Elle fixa le sol sans dire un mot de plus. Elle l’avait enfin vu ! L’origine de la voix dans ses rêves ! Finalement ! Et tout ça pour ne pas savoir qui était cette femme et pourquoi elle lui parlait dans ses rêves…

-Il faut te rendormir, lui dit Ryô. L’aube est encore loin.

-Ah… oui.

Elle se souvint. Ils étaient en mission, tous les quatre. Ils avaient fait halte ici pour la nuit.
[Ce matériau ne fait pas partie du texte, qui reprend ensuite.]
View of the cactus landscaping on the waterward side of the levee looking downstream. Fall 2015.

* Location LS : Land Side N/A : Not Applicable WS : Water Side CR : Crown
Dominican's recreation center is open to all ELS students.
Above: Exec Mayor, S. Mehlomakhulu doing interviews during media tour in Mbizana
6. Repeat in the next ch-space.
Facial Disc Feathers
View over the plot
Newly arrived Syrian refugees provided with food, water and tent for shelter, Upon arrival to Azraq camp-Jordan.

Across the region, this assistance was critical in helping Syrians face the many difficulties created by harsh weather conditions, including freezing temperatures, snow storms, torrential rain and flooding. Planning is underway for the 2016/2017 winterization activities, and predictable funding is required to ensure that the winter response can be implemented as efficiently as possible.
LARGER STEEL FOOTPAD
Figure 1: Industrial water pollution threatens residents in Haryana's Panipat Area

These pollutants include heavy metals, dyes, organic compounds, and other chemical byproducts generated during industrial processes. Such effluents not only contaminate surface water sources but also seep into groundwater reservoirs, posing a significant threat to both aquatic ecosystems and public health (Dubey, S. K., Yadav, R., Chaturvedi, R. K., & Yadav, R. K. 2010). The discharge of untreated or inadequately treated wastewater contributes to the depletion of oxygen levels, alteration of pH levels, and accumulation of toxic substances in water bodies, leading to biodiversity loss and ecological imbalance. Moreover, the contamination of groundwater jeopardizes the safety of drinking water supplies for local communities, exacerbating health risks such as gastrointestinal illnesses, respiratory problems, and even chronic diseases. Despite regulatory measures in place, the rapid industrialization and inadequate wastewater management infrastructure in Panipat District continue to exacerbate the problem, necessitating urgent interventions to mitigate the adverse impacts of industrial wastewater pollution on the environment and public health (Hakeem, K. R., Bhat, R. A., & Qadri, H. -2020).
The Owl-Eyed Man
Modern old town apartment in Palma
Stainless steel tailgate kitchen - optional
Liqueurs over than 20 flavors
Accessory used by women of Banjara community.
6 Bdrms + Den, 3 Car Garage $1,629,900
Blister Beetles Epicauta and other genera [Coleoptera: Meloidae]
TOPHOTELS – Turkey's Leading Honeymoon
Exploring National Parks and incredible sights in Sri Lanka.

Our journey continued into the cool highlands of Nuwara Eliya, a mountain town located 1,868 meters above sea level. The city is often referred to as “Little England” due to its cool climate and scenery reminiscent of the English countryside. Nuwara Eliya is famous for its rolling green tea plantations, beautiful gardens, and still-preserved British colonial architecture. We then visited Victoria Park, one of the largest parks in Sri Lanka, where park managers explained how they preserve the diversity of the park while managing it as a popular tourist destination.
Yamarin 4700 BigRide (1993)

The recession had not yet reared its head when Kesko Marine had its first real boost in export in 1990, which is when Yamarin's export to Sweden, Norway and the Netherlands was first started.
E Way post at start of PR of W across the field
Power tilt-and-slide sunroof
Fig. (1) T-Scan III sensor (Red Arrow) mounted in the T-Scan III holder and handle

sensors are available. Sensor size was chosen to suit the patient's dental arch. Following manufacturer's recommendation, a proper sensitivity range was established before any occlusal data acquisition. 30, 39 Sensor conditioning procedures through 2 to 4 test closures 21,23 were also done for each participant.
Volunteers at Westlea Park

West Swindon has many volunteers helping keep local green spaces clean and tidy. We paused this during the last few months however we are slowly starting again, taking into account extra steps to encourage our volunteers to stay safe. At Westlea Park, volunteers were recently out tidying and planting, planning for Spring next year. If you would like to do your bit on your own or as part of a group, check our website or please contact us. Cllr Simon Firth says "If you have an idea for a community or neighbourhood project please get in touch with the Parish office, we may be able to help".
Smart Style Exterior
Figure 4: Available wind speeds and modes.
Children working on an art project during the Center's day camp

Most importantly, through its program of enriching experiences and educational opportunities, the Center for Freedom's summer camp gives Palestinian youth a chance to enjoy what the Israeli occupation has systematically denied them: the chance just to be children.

Alors qu’elle était sur le point de se coucher à nouveau, elle regarda Ryô puis lui demanda :

-Ryô… Est-ce que… je peux dormir à côté de toi ?

-Quoi ? Tu n’es plus une enfant !

-S’il te plaît…

Mikazuki savait que son attitude à cet instant était un brin puéril mais elle n’y pouvait rien : elle avait la sensation qu’elle aurait du mal à s’endormir. Elle ne le faisait pas exprès mais son visage affichait une mine de chien battu.

-D’accord, soupira Ryô.

-Vraiment ?

-Dépêche-toi avant que je ne change d’avis !

Sans se faire prier, la jeune fille vint se blottir contre lui, assis ensemble devant le feu. Cela lui rappelait des souvenirs, quand ils dormaient ensemble il y a quelques années. Elle ne put réprimer un sourire, avant de fermer les yeux et de bien vite s’endormir.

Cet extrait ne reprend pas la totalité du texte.